I'm the new guy on the block but I had this tid bit (kinda long actually) of information on hand and hopefully some of it will be useful to you... note the amp portion of portable tools...


Author: Christopher Seward P.E. W 239 N6512 Maple Avenue Sussex, WI 53089 (414) 246-9826

"Rating Tools Based on Ratings"

A Guide to Power Tools Motors and what the Ratings Indicates..

The author: Professional Engineer with 11 years experience designing motors, components, and motor controls used in both portable, hand held electric power tools and stationary workshop machines and tools.

Introduction 

Chances are you have been at your local hardware store or tool distributor wondering what information tool literature and nameplates are really telling you about particular models and how do you figure out how to use this information to make an intelligent purchasing decision.
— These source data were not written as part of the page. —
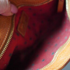 This Kate Spade wristlet clutch pouch is a stylish and functional accessory for any woman. The brown leather exterior is accented with beautiful hardware. The bag has a zip measures 8 inches in width and 4 inches in height. The small size makes it perfect for carrying your essentials on a night out or for everyday use. The lining is made of black fabric and the handle/strap is made of matching leather.
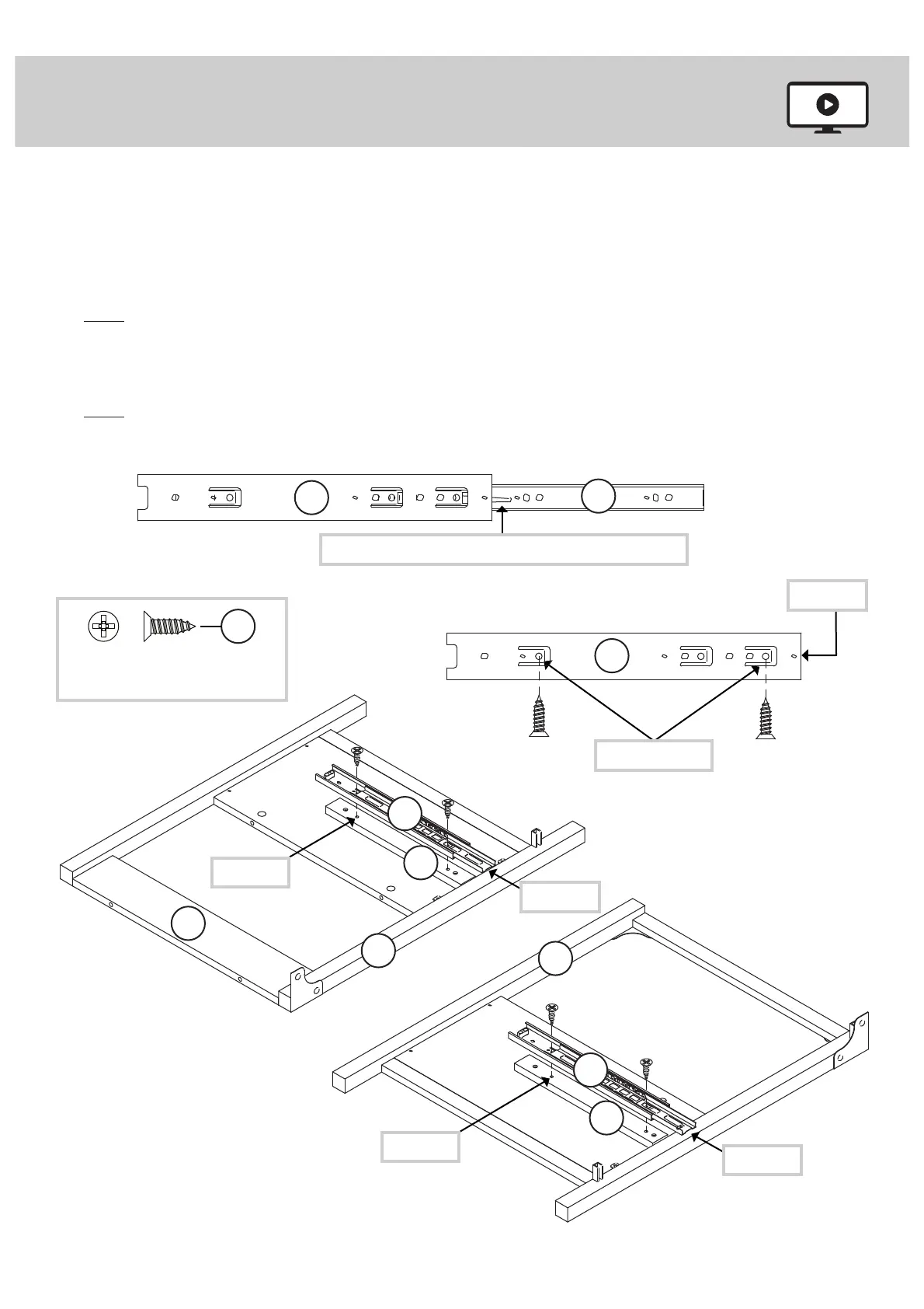 NOTE: For each EXTENSION RAIL, turn a SCREW into the back hole. Then,
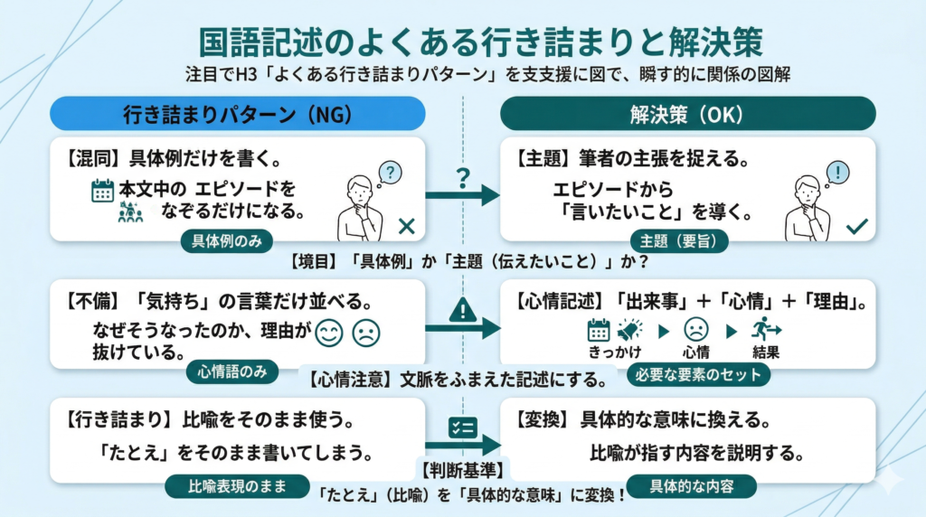 | 要素欠け | 「気持ちだけ」「理由だけ」で終わる | 問いのパターンに合わせて要素を2つに分けて書く |
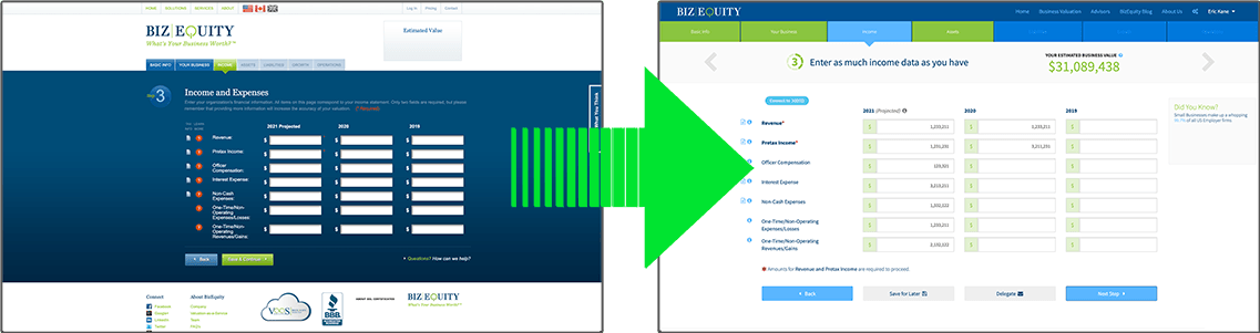 The previous version of BizEquity’s online valuation platform was built primarily as a proof of concept and a way to simply visualize the algorithm. Users were a secondary concern in the creation of the original tool.
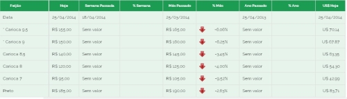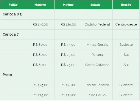 Feijão: As referências do nota 8 R$ 120, nota 7 R$ 95 e o feijão preto R$ 185,00
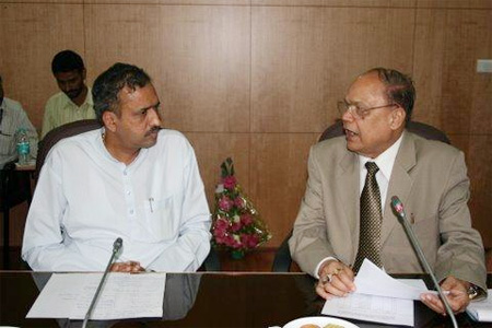 Mr Govindji, Chairrman, GPHF with Sri Visveswar Hegde, the Minister for Primary, Secondary Education.
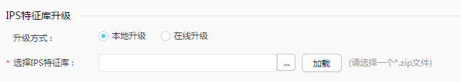 ”选择本地的升级文件包后,单击“加载”,如图1-270所示。加载成功后,在“特征库信息”区域可以看到加载的IPS特征库信息。
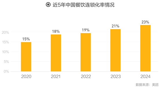 据《2025中国餐饮连锁化发展白皮书》显示,当前餐饮的连锁化率已经提升至23%,不到十年几乎翻了一倍。
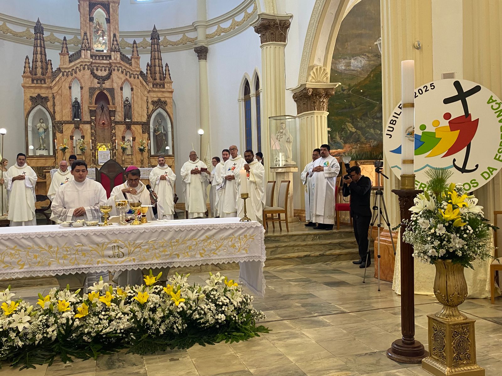 Na sua homilia, Dom José Aristeu orientou à Família Diocesana que o Jubileu da Esperança nos provoca a fazer dois movimentos importantes. “O primeiro movimento é para dentro de si mesmo, para que tenhamos nossa esperança e ânimo revigorados, implorando a graça da misericórdia em nosso coração. O segundo movimento é para fora, no ambiente comunitário, para que sendo peregrinos de esperança alcancemos aqueles que estão desolados, solitários e na margem da caminhada”. Reforça Dom Aristeu.
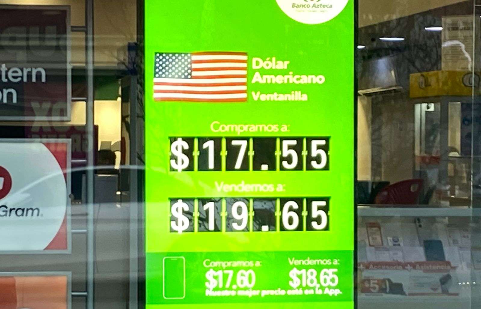 Chihuahua.- El dólar para este miércoles 7 de enero subió a $19.65 a la venta y a $17.55 a la compra en ventanillas del Banco Azteca, ubicado en la calle Cuarta y Aldama.
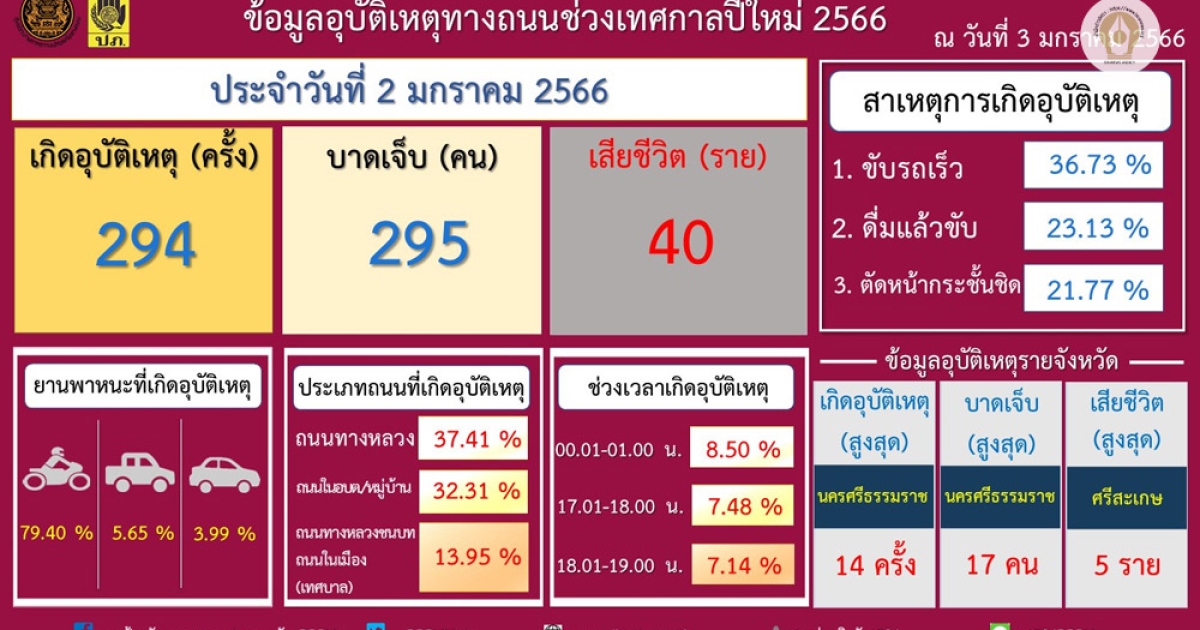7 วันอันตรายปีใหม่ วันที่ 5 เกิดอุบัติเหตุ 294 ครั้ง ดับอีก 40 ราย บาดเจ็บ 295 ราย สาเหตุขับรถเร็ว - เมาแล้วขับ รวมสียชีวิต 263 ราย บาดเจ็บ 1,938 ราย

Tool manufacturers want you to know the capabilities of a particular tool, but they also want to play up the strengths of a particular model especially when compared to the competition. The information put on tool nameplates and literature can be useful, providing one has a good understanding of what this information means.

In most applications, there are two types of motors used in 120 volt corded power tool applications. These are the Universal (AC & DC) and the Induction (AC only) motors. This article will not cover motors that may appear in limited usage such as Switched Reluctance motors nor will it cover the Permanent Magnet DC motors used in battery operated tools.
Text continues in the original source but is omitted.